Believe me, I make no secret of being a cynic. In real life (national politics, science, international news) I’m not much into conspiracy theories, but when it comes to bodybuilding, it’s all about them. I rarely, if ever, eat what is served to me. I’m not a Cedric fan either. I didn’t like his video footage of snapping turtles, I don’t think he won a tough Arnold, and I don’t share the fascination Arnold has for him or his body. I don’t hate that guy, but I’ve never been a huge fan either. The fact of the matter is, I didn’t think he was in the top 3 at the Arnold 2021, but he probably would only have because of the fact that he’s a former winner is in the top 6. In a recent video, Nick Trigili (who absolutely kills it with his new show “Bodybuilding and Bullshit”) pointed out that Cedric and Redcon1 are no more. Either they dropped him – or – he dropped them. This is really what I suspect McMillan does not compete. Again, this is just a hunch.

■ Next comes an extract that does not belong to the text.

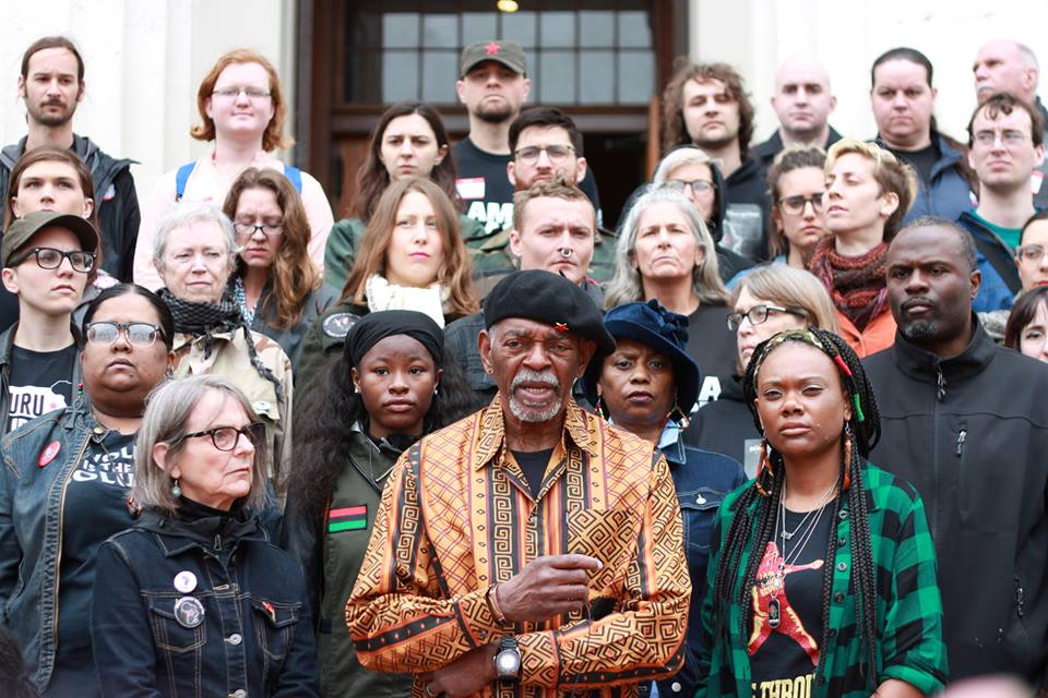 Members of the African People’s Socialist Party alongside non-African supporters. Chairman Omali Yeshitela (front center) is in a black beret, while his wife and Deputy Chair, Ona Zené Yeshitela, stands behind him in a blue hat / credit: African People’s

I’m not here to write the pros or cons of supplement companies – I’ll leave that to the readers. What I’m saying here is that successful companies – whatever they may sell – want popular athletes and ambassadors. Cedric is one of the most famous bodybuilders in the professional scene. As a former Arnold champion, he has a certain amount of credibility and star power. Also, as a member of the US military, one might think that this would make him a custodian of a company that is apparently only marketed to service personnel. But we don’t have the inside information; We just know that it would be strange for a company like this with this approach to marketing to cut an athlete like this one who essentially embodies everything that it’s about.

That said, Aaron Singerman has made the headlines nationally and internationally for his openness when it comes to Arnold’s “Scew your Freedom” comment. Singerman was one of the first on the business side of the sport to speak up, but he needed to get his position cleared up quickly as rumor has it that many RC1 athletes weren’t too happy with the idea of ​​boycotting the second largest competition in bodybuilding, over his statements. In fact, the Arnold is 2nd in terms of prestige and prize money. Many athletes need these competitive wins to finance their careers. Sponsorship alone is not enough. If Redcon cut Cedric, politics could have played a role. Other possibilities would be age and / or the injury that may have sidelined him.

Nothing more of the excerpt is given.